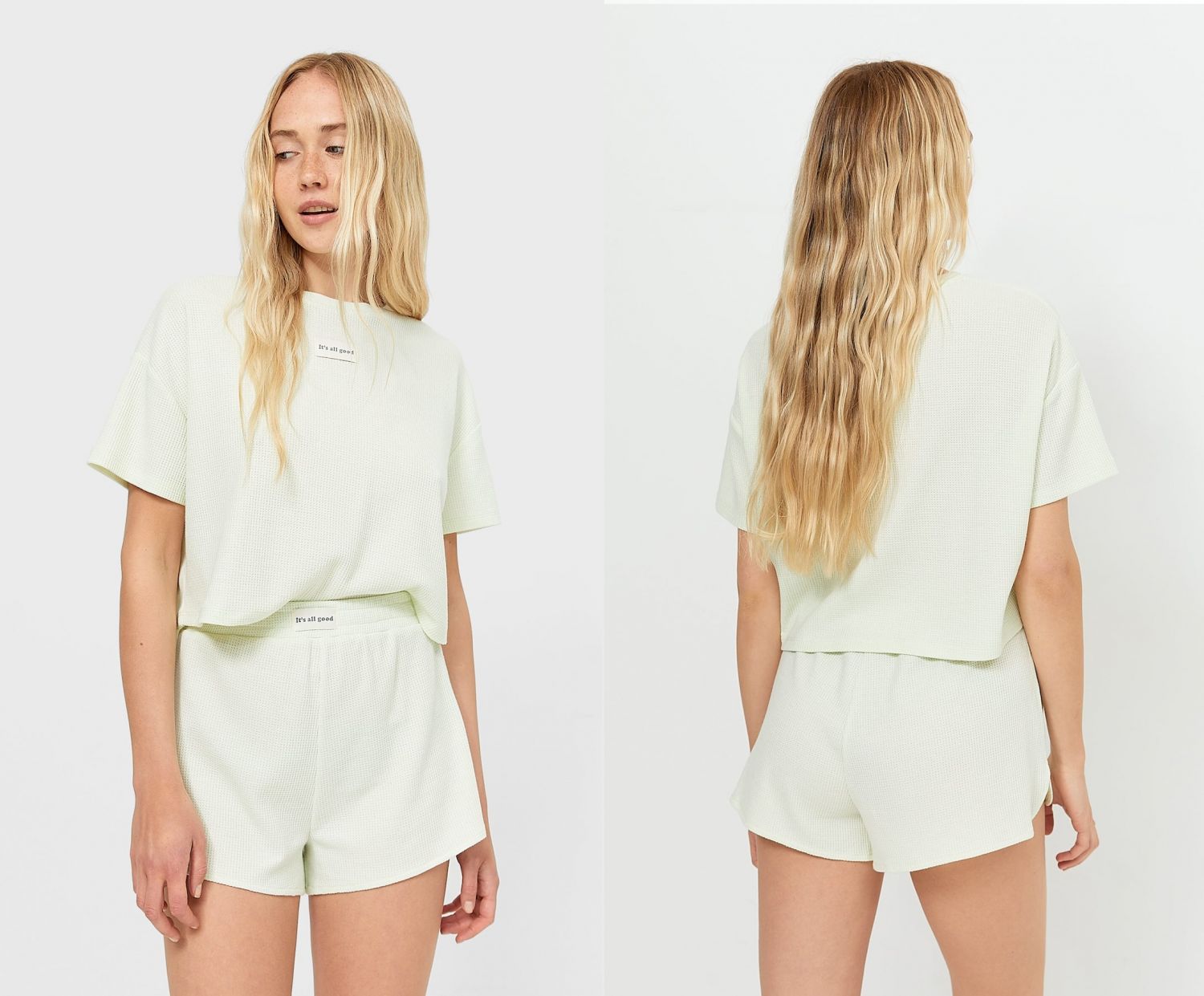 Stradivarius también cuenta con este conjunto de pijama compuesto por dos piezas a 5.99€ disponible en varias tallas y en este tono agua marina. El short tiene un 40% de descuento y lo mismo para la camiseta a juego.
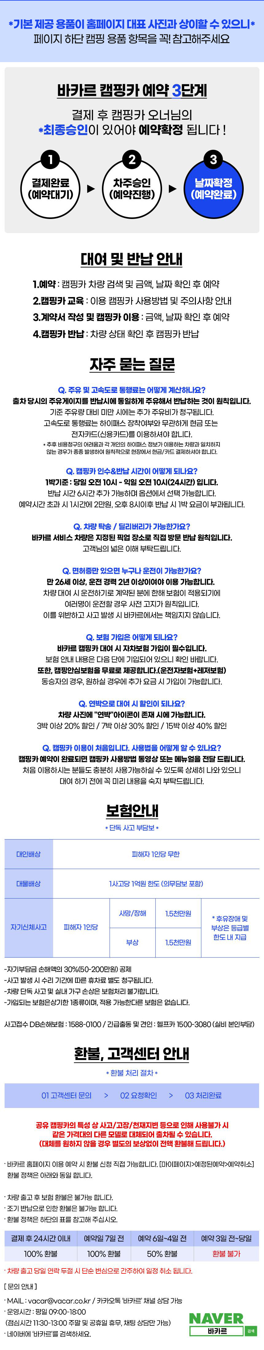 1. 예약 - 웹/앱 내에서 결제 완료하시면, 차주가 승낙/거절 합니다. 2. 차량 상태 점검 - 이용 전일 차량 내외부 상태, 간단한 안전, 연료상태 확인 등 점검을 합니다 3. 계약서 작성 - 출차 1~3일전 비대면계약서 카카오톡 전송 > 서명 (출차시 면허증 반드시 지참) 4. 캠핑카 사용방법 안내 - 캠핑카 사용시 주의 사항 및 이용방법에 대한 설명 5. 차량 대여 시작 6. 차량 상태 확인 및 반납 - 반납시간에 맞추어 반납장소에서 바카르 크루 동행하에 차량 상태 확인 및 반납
——————————
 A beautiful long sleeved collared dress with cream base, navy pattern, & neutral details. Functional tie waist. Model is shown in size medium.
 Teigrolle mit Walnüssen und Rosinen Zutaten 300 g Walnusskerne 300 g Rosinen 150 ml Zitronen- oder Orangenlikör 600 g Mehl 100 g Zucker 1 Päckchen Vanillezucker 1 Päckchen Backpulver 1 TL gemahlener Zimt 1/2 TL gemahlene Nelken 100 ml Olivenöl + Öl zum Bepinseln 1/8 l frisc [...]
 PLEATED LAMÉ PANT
——————————
Task description: Keep both end lines and retype everything in the records above from the line containing "A beautiful long" through the line containing "PLEATED LAMÉ PANT", exactly, with nothing else.

Written response:
 A beautiful long sleeved collared dress with cream base, navy pattern, & neutral details. Functional tie waist. Model is shown in size medium.
 Teigrolle mit Walnüssen und Rosinen Zutaten 300 g Walnusskerne 300 g Rosinen 150 ml Zitronen- oder Orangenlikör 600 g Mehl 100 g Zucker 1 Päckchen Vanillezucker 1 Päckchen Backpulver 1 TL gemahlener Zimt 1/2 TL gemahlene Nelken 100 ml Olivenöl + Öl zum Bepinseln 1/8 l frisc [...]
 PLEATED LAMÉ PANT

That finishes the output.